News and analysis
July 02, 2015

$32-Billion Pledge by Saudi Prince Reflects Gateses’ Influence

Fayez Nureldine, AFP, Getty Images

Saudi Arabia's billionaire Prince al-Waleed bin Talal gestures during a press conference in the Saudi capital, Riyadh, on July 1, 2015. Prince al-Waleed pledged his entire $32-billion fortune to charitable projects over the coming years.

Riyadh is 7,400 miles and a world away from Seattle, and yet a Saudi prince repeatedly invoked the name Bill Gates this week when he pledged his entire $32-billion fortune to charity.

"We need to announce such things," Prince al-Waleed bin Talal said, explaining his decision to go public. The role models for philanthropy "are really the big entities in the United States" such as the Bill & Melinda Gates Foundation, he said. He also cited Warren Buffett, who has pledged his wealth to the Gates foundation.

Speaking to reporters on Wednesday, the 60-year-old prince said he had been in touch with Bill Gates and that the Microsoft co-founder and philanthropist commended his decision. The Saudi and the American philanthropists are already collaborating on an effort to eradicate polio, among other things, the prince noted.

His foundation, Alwaleed Philanthropies, will focus on empowering women and youths, providing disaster relief, eradicating disease, and bridging cultures both inside and beyond the Arab world. The work will be conducted in communities regardless of religion, a decision the prince defended more than once during his news conference.

He described the timeline for his philanthropy as "open-ended" and said he is in good health. His two adult children support his decision, he said.

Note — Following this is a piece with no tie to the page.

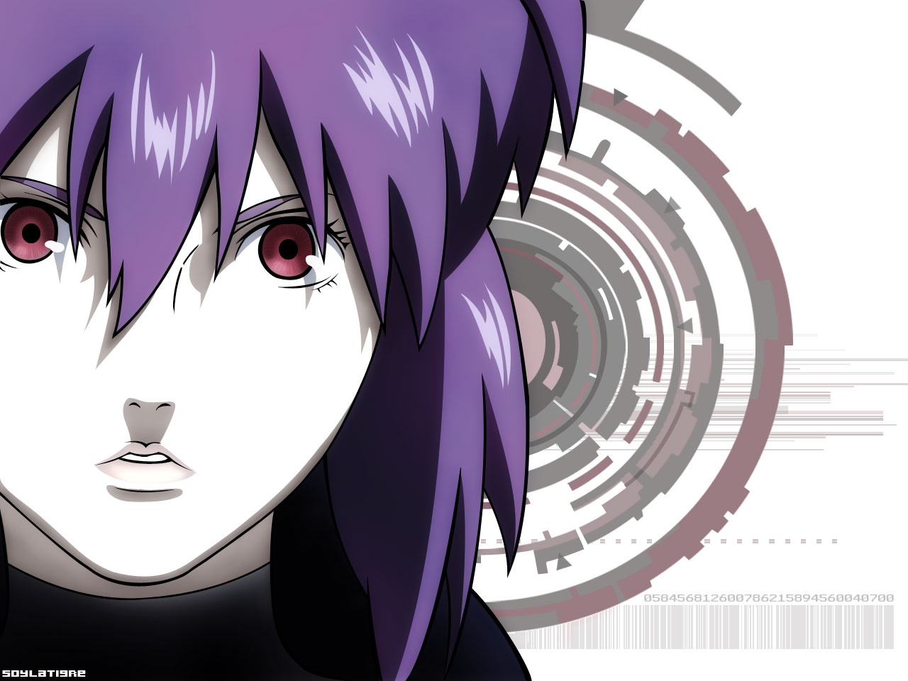 Description: A anime character with purple hair and red eyes looking at the camera with a futuristic background behind her and a circular design.

"I am a Muslim, I am an Arab, and I am a Saudi. And maybe this is the first big such announcement," said Prince al-Waleed. "If this is an inducement, an incentive for others in our region, our nation, and others worldwide to contribute to that cause, sobeit. I like that."

'A Very Big Deal'

The size and areas of focus on the prince’s announcement make it a "very big deal," said Jane Wales, a vice president at the Aspen Institute focusing on philanthropy and social innovation. And it speaks to the Gates­es and Warren Buffett as standard-bearers.

"The only difference between him and others is he is saying it," Ms. Wales said. "I think it would be hard to overestimate the impact of those three in thinking about philanthropy around the world."

Last month, 10 individuals and families joined the Giving Pledge, an effort launched in 2010 by Bill and Melinda Gates and Mr. Buffett to get the uber-rich to give away at least half their wealth to good causes. The number of people participating in the Giving Pledge stands at 137.

The Gateses and Mr. Buffett have succeeded in "legitimizing the whole endeavor of philanthropy in the eyes of people around the world," Ms. Wales said.

Ms. Wales recounted Prince al-Waleed’s attendance at the 2012 Global Philanthropy Forum conference, which she founded. He went directly on to the Gates foundation offices in Seattle, she said, part of a sort of philanthropy tour he was doing at time.

“Prince al-Waleed’s generous commitment promises to significantly extend the great work that his foundation is already doing," Bill Gates said Thursday in an email to The Chronicle. "His gift is an inspiration to all of us working in philanthropy around the world.”

Spent 3 Years Preparing

Prince al-Waleed, nephew of Saudi King Salman, made his fortune as the founder of Kingdom Holding Company, which controls billions of dollars worth of investments in real estate and media and entertainment, among other industries.

The prince said he and his team spent three years researching and preparing for this week’s announcement. Alwaleed Philanthropies has already given away about $3.5 billion during the past 35 years, or an average of about $100 million a year, the prince said. The new strategy will accelerate his giving and "injects the element of institutionalization into the process," he said.

The prince’s foundation has 10 staff members, all of them women. He is a vocal proponent of women’s rights in a country where they are barred from many activities, including driving.

Having a member of the Saudi royal family advocate on behalf of women "matters hugely," said Ms. Wales.

"He, too, is a leader who sends signals," Ms. Wales said. "He is a highly respected individual in his own society, so he is signaling the importance and legitimacy of working to advance the status of women and girls and the opportunities available to them."